Take your pick – there is a long list of names to choose from to describe November 2020, none of them pretty. I nominate Nobetter, or maybe even Nobatter, in any case, it is almost impossible to accept that in four weeks we are supposed to be putting up Christmas decorations. Good grief! The last thing I feel at the moment, on this first week of Lockdown (2) Light in Germany, is Christmassy. Like I said the other day, this whole year feels like one extended Halloween, with ghouls and witches popping out from every nook and cranny, mixed in with urban legends and halfwits trying to convince you that there is nothing wrong. As if the daily horror stories of the latest COVID-19 victims were not enough to scare you, there are political protests, wild elections, murders, escalating social unrest, and the odd natural calamity or two thrown in for good measure.

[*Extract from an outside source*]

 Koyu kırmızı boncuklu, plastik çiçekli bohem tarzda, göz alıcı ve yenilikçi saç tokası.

What has the world come to? There used to be a time when lockdown was meant for those who committed a crime. I want to be a fly on the wall 100 years from now and read what the history books will be telling about the year 2020, and how billions of innocent people were punished with house arrest and restricted movement, and whose only crime was to cough and breathe in a virus that originated from a bunch of bats in an obscure part of the world. It sounds absolutely ridiculous, even to a writer with a very vivid imagination for crime and suspense. This has all the makings of a cheap, low-grade science fiction fantasy horror that no scriptwriter or producer in their right mind would touch. Unfortunately, the fact of the matter is that this is our present day, along with hundreds of thousands displaced people seeking asylum in distant shores, communities who still cook with firewood and gather around the oil lamp at night because there is no electricity in the village. The disparity between the filthy rich of this world and the families who have to take turns eating meals because there is not enough food for everyone is nauseating, if not criminal, and yet, here we are, moaning and groaning about online schooling, zoom meetings, home office, closed gyms and restaurants, and mandatory masks. Why not just issue everyone with hazmats suits and makes us all live inside decontaminated bubbles?

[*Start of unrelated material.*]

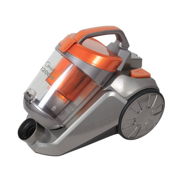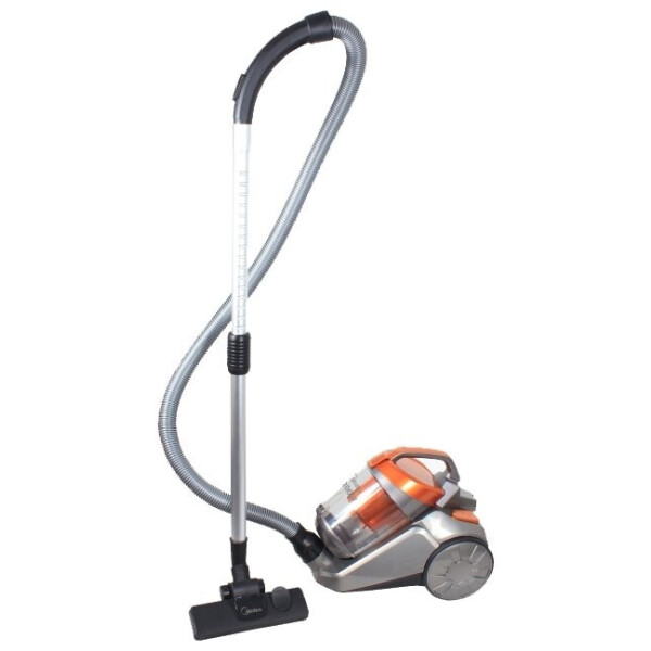 Пылесос Midea VCS43C2 – модель с современным дизайном и небольшими габаритами. Корпус устройства окрашен в оранжевый и серый цвета, а само устройство весит всего 4.5 кг. Мотор пылесоса работает с максимальной мощностью 2200 Вт, а мощность всасывания пыли достигает 400 Вт. Такие характеристики двигателя позволяют прибору справляться даже с самыми запыленными поверхностями. Циклонный фильтр Midea VCS43C2 очищает воздух, создавая воздушный поток с мощной центробежной силой, благодаря которой пыль оседает на стенках контейнера объемом 3 л. Пылесборник выполнен из пластика, а потому его можно промыть обычной водой. Радиус действия в 5 м обеспечивается длинным сетевым шнуром.

Here’s the thing – we have the handbooks and economic theories to eradicate hunger, polio and poverty. Strategies have been developed over the years and we have transitioned from charity work to development cooperation, transforming lives and communities. But this has taken decades to figure out, not to mention endless debates and negotiations both on the political and non-governmental levels. What chance do we have then, as innocent bystanders to a global pandemic that no political leader has yet figured out how to manage properly? There is no foolproof handbook, hell, there is no handbook, and every single leader is flying by the seat of their pants. Damned if they do, and even more damned if they don’t. At the end of the day, we are the damned.
This evening I posted the following photograph on my social media, as part of a larger series called Fragments of a Dream. In this series there is a lot left to the imagination, and very little that is actually in focus and a concrete whole.

The photographs in the collection are either exaggeratedly dark or high key, none of which are intended to depict a scene in an awakened state of mind. This is a work in progress, almost two decades in the making which I have recently re-edited with a new concept. Strangely enough I did all this before the pandemic broke out, and as I looked over the collection this evening, I realised it is a suitable manifestation of my view of the world at the moment.
We are floating around aimlessly, unsure what our reality is. Home has become our office, our prisons, our small oppressive worlds that are no longer the safe havens and refuge that we escape to when the world is going mad. How do we put the fragments back together into a functioning whole?